Adaptive challenges often require a process by which those involved will have to endure a period of distress. While it may not be clear to the school community, this period of discomfort is not the purpose of the adaptive process—it is simply a consequence As an adaptive leader Heifetz suggests You need to be able to do two things: (1) manage yourself in that environment and (2) help people tolerate the discomfort they are experiencing. You need to live into this disequilibrium.  This disequilibrium is a repercussion of the difficult challenges schools must endure. As a result, people are asked to step out of their comfort zone—beyond the aforementioned TTWWADI mental model.  Heifetz recommends staying within the productive zone of disequilibrium (PZD): enough heat generated by your intervention to gain attention, engagement and forward motion, but not so much that the organization explodes.  Conflicts surrounding change initiatives frequently push schools into this disequilibrium—it is the adaptive leaders that embrace such conflicts, realizing that they are a necessary driving force behind change.  According to Heifetz & Linsky the ability to cook the conflict is an important skill towards achieving significant change to manage people’s passionate differences in a way that diminishes their destructive potential and constructively harnesses their energy. Two techniques can help you achieve this. First, create a secure place where the conflicts can freely bubble up. Second, control the temperature to ensure that the conflict doesn’t boil over-and burn you in the process. The key to cooking the conflict is the ability to raise the heat surrounding difficult issues enough to get people’s attention and motivate them, while also understanding when to cool the temperature when the conversations become counterproductive.

Sustaining Change
Successful change initiatives in complex educational systems cannot be controlled by one authoritative source. This type of leader-centric approach is doomed to fail—change becomes all about the leader rather than the school as a whole. In a post from earlier this year Leadership: A Day In the Life I wrote, I can’t help but think that the two most important qualities of an effective leader are empathy and the willingness to learn.  I stand by that statement—but now realize that leadership is complex, involving a much more collaborative and adaptive approach. The ability to lead adaptively relies on responding to challenges with an approach based on inquiry and reflection. All of the qualities and skills I’ve discussed in my previous essays fall under the umbrella of these two categories—empathy, collaboration, growth mindset, transparency, mental models, evaluation, and systems thinking are all very important components in a process of adaptive leadership that revolves around thoughtful inquiry and purposeful reflection towards action based change.

References

Fullan, M. (2011). Change leader: Learning to do what matters most. San Francisco, CA: Jossey-Bass.

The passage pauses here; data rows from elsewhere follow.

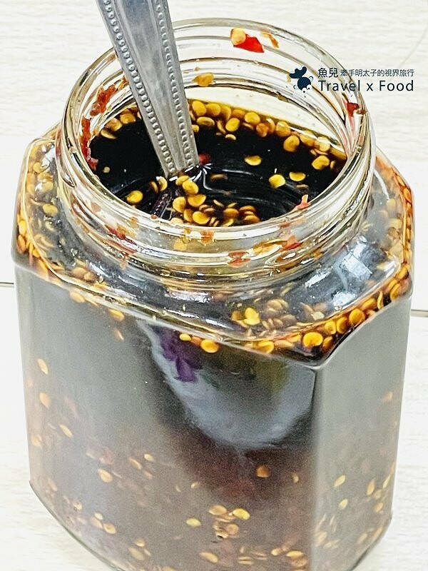 內用客人一定會看到桌上這瓶辣椒醬油,除非你吃大辣,否則在嘗試前先沾一瞇瞇就好,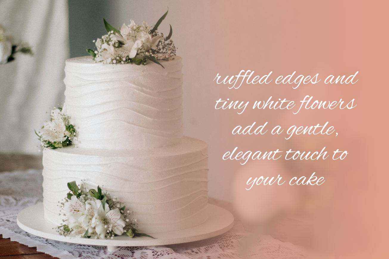 Our two-tier ruffled cake is a stylish and elegant choice for your wedding. With its intricate buttercream finish, it offers an elegant and luxurious look.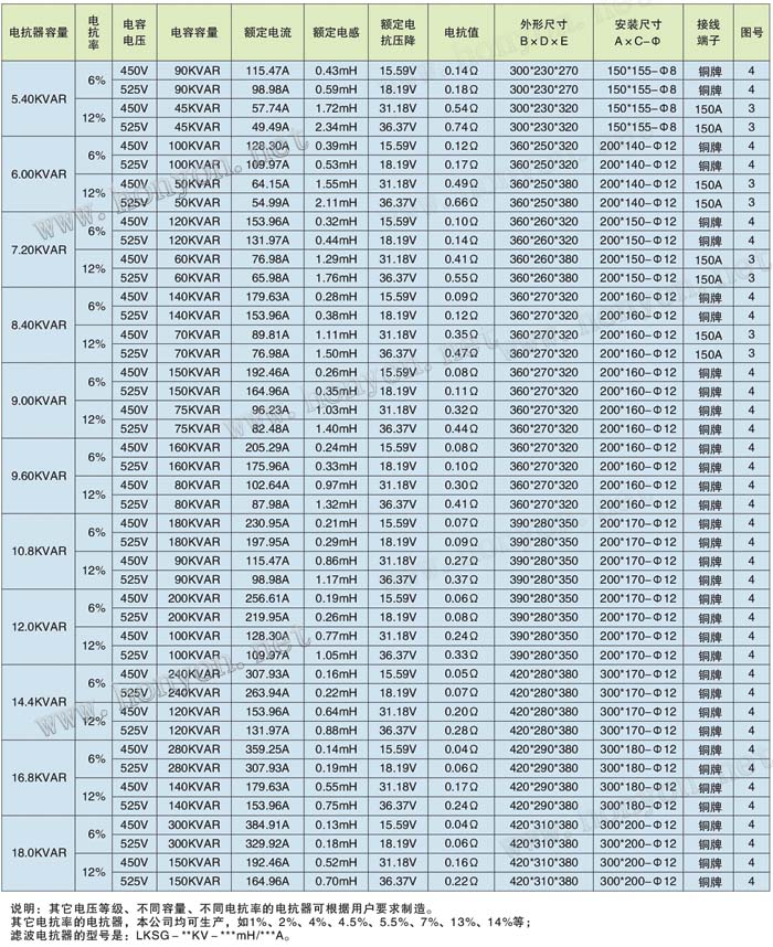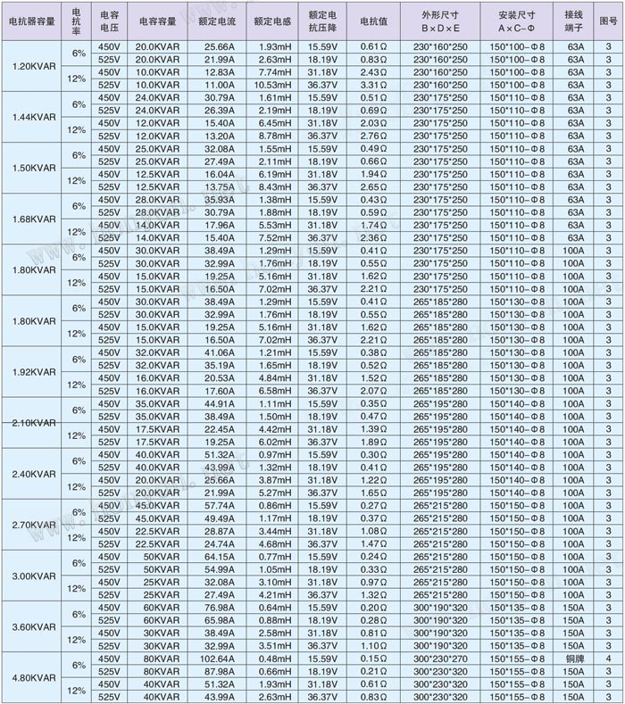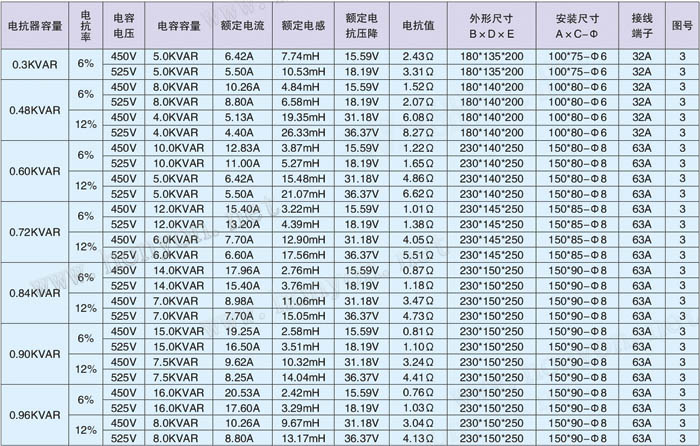 2.电抗率的种类:1%、4.5%、5%、6%、7%、12%、13%....

Heifetz, R. A., Grashow, A., & Linsky, M. (2009). The practice of adaptive leadership: Tools and tactics for changing your organization and the world. Boston, MA: Harvard Business Press.

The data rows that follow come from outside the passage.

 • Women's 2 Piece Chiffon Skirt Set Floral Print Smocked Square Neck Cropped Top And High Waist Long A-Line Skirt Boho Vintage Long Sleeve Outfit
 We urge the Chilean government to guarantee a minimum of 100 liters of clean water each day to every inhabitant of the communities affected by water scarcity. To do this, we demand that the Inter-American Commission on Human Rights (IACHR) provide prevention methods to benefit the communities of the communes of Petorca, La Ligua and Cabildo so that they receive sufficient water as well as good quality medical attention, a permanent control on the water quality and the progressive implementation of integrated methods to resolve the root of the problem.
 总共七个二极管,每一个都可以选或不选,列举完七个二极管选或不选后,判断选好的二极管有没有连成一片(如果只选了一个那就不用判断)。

Heifetz, R. A., & Linsky, M. (2003). A survival guide for leaders. Business Credit, 105(3), 44-52. Retrieved from ProQuest Research Library database. (Accession No. 230145109)

Patterson, W. (2000, March). Change for good: Staying the course. High School Magazine, 7(7), 5-9. Retrieved from ProQuest Research Library database. (Accession No. 221103906)

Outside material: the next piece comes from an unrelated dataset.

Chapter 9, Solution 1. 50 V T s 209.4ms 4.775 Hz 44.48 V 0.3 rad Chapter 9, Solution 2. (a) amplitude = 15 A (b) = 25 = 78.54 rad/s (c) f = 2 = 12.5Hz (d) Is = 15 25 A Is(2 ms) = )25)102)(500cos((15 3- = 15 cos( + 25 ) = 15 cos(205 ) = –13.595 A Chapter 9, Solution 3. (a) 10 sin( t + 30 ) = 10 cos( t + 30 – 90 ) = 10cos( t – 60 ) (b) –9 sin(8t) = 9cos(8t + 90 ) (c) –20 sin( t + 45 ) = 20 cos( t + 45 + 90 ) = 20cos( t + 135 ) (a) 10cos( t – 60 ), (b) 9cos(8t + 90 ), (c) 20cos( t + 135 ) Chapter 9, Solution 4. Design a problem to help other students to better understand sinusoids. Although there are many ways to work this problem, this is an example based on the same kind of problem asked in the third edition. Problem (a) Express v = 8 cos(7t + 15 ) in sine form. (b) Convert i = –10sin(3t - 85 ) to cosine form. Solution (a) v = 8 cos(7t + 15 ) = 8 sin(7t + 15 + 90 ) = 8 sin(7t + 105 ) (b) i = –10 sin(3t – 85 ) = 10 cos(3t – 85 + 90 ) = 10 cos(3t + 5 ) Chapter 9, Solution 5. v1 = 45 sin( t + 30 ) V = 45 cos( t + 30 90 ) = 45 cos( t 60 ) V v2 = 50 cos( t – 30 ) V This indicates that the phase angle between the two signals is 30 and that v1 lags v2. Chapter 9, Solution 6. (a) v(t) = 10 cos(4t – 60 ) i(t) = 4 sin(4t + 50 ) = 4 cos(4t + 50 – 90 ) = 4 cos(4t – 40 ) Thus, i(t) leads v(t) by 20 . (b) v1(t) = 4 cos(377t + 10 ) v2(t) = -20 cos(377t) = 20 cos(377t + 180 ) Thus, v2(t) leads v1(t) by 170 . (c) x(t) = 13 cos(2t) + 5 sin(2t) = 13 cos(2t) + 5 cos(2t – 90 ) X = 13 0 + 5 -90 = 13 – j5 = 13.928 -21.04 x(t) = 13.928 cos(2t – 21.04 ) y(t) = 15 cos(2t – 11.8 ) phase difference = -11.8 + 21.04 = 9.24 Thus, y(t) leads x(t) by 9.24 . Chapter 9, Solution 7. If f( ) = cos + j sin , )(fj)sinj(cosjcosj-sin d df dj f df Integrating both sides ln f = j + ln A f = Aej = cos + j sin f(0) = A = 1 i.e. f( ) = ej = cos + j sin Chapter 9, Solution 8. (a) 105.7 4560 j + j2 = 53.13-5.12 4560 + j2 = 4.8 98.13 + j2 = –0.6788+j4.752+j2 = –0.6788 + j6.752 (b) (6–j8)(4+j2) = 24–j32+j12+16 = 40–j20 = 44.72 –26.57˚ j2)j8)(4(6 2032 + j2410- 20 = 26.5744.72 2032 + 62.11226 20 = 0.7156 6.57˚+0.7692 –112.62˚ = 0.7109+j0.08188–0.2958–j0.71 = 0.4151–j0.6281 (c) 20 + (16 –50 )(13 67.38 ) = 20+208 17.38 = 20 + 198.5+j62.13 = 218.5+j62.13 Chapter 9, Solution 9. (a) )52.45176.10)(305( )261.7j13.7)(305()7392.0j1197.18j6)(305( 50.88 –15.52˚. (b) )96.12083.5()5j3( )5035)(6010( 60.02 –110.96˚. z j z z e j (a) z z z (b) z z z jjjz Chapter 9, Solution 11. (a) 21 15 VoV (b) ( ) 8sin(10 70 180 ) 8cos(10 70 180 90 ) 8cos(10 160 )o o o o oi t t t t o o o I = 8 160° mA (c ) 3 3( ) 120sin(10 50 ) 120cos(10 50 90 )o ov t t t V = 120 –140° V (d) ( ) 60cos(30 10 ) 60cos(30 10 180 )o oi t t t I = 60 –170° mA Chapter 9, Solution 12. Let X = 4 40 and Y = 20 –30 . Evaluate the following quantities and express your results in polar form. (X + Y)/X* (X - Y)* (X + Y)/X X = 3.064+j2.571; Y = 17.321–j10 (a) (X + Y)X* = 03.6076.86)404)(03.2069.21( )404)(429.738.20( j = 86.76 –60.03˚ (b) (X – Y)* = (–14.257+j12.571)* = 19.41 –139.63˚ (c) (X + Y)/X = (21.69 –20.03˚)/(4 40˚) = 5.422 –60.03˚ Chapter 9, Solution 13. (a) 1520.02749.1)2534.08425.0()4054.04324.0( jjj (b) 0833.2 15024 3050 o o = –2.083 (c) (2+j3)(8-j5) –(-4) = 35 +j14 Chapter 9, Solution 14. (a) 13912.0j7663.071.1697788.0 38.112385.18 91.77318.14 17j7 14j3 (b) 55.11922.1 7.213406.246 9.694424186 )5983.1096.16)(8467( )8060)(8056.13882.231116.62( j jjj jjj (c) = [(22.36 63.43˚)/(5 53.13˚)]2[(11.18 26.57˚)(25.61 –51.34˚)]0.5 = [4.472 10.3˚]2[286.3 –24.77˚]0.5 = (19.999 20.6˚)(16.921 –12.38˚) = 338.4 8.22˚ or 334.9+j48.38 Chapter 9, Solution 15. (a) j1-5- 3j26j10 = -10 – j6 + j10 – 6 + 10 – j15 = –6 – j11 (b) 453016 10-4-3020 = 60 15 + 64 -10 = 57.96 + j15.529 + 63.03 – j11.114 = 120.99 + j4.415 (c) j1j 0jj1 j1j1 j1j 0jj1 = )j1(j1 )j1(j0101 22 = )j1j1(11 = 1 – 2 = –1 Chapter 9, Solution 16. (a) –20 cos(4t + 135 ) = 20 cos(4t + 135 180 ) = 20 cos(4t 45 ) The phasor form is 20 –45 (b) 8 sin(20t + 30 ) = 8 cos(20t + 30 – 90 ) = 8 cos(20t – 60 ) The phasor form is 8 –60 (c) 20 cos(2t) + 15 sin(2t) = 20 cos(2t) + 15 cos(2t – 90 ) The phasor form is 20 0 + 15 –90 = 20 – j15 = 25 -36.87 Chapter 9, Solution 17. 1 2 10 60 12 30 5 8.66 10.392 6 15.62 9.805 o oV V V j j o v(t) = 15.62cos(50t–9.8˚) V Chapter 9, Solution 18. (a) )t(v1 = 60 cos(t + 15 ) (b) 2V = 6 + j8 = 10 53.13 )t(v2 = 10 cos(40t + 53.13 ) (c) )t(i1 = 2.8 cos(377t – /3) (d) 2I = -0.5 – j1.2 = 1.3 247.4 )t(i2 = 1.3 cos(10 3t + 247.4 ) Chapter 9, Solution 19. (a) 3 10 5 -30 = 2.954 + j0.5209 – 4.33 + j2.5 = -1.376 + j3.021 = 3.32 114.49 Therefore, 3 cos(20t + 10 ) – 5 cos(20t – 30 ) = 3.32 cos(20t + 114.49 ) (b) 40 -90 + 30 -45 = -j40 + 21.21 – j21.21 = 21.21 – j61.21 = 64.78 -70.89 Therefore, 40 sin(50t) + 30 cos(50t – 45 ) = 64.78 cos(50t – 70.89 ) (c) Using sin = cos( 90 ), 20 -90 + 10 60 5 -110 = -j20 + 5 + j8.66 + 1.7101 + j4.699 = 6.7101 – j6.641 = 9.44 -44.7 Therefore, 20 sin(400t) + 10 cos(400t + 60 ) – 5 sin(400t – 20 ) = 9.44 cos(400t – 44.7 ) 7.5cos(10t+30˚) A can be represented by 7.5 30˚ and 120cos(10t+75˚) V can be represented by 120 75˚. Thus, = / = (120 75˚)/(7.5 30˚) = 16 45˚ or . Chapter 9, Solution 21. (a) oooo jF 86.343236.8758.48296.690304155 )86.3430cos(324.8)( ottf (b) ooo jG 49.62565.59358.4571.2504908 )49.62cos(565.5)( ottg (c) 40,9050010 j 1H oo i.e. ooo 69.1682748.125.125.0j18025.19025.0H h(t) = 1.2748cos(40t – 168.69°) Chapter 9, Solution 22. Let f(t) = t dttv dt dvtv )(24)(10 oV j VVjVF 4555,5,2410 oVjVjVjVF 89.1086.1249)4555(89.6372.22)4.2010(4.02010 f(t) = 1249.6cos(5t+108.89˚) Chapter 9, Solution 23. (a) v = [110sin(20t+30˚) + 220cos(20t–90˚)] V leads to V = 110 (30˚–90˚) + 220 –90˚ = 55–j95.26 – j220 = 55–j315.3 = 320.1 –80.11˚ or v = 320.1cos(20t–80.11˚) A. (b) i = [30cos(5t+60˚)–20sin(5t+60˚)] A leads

Scott-Webber, L. (2012). Institutions, educators, and designers: Wake up!: Current teaching and learning places along with teaching strategies are obsolete-teaching styles and learning spaces must change for 21st-century needs. Planning for Higher Education, 41(1), 265-277. Retrieved from ProQuest Research Library database. (Accession No. 1519532691)

Senge, P., Cambron-McCabe, N., Lucas, T., Smith, B., Dutton, J., & Kleiner, A. (2012). Schools that learn: A fifth discipline fieldbook for educators, parents, and everyone who cares about education (First Rev. ed.). New York, NY: Crown Business.